Whatever you think of World Economic Forum annual meetings, there are still few better settings than Davos for a chief executive wanting to look statesmanlike. You get the same alpine backdrop as Christine Lagarde or John Kerry, and the same sweeping subjects on which to opine. (Reskilling! Reforestation! Responsible AI!)
Klaus Schwab’s creation may not have the sway that conspiracy theorists suspect, but it has been influential in promoting the idea that unelected business leaders should have as much of a voice as elected officials in our greatest global debates.
Lately, though, the message from some politicians to the business world’s would-be statesmen has been “get off my alp”.
Executives who come to Davos to advertise their emissions-cutting targets now find themselves lambasted by conservatives who call the net zero agenda a threat to energy security. Liberals carp that stakeholder capitalists’ idea of leading on social issues seems not to involve paying much tax.
This week’s meeting saw BlackRock chief Larry Fink lamenting partisan critics who “demonise” the asset manager’s sustainable investment policies. Republican states pulling their mandates had cost it about $4bn in 2022, he estimated — an irritation for a business that added $230bn of US investments last year but a figure that may grow.

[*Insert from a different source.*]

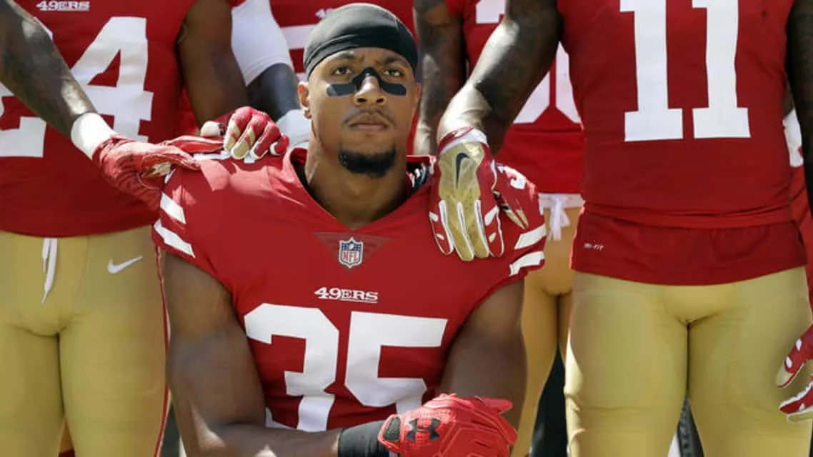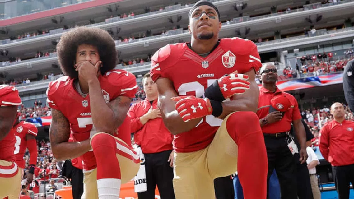 ... Eli Harold, Colin Kaepernick and Eric Reid kneel during the American national anthem before a San Francisco 49ers v New York Jets game in December 2016 Radio 1 Newsbeat wanted to find out what effect, if any, the protests have had on aspiring NFL players...

Other corporate leaders fear a “wokelash” from rightwing activists who accuse them of supporting liberal social causes. As regulators pursue “greenwashing” by companies that hyped their climate claims, executives wonder whether “greenhushing” — staying quiet about their environmental efforts — is the wiser approach.
Away from the noisy campaigns, though, debate is shifting to whether chief executives have taken on too many polarising issues on which they lack legitimacy. Academics, lawyers and consultants are pitching roadmaps for how to navigate an increasingly split political environment with less risk of pushback.
The risks of “corporate entanglement” in politics are such that business leaders should “default to non-involvement” on most political issues, said one recent paper from the BCG Henderson Institute think-tank.
If they cannot avoid taking sides, they should explain the principles guiding their decisions and let employees or regulators vet their actions, it said.
Leo Strine, the former chief justice of the Delaware Supreme Court, said that voters on the left and the right ask: “Who are CEOs to use other people’s money to advance their own idiosyncratic views of the good?”
He has urged companies to concentrate on policies supported by both left and right, such as paying a living wage, non-discriminatory hiring and avoiding harm to the environment. If a company must take a position on external public policy, he wrote, it should result from board deliberation, not the chief executive’s whim.
But the CEO activism Davos once celebrated may have peaked: in its place a more calculated approach to political engagement is taking shape, focused on the areas of most relevance to companies’ core constituents, not least investors.
That will not stop the CEO-statesmen from seeking the Davos stage. But next year they are likely to come armed with a much clearer explanation of the business case for straying into territory the politicians once claimed as their own.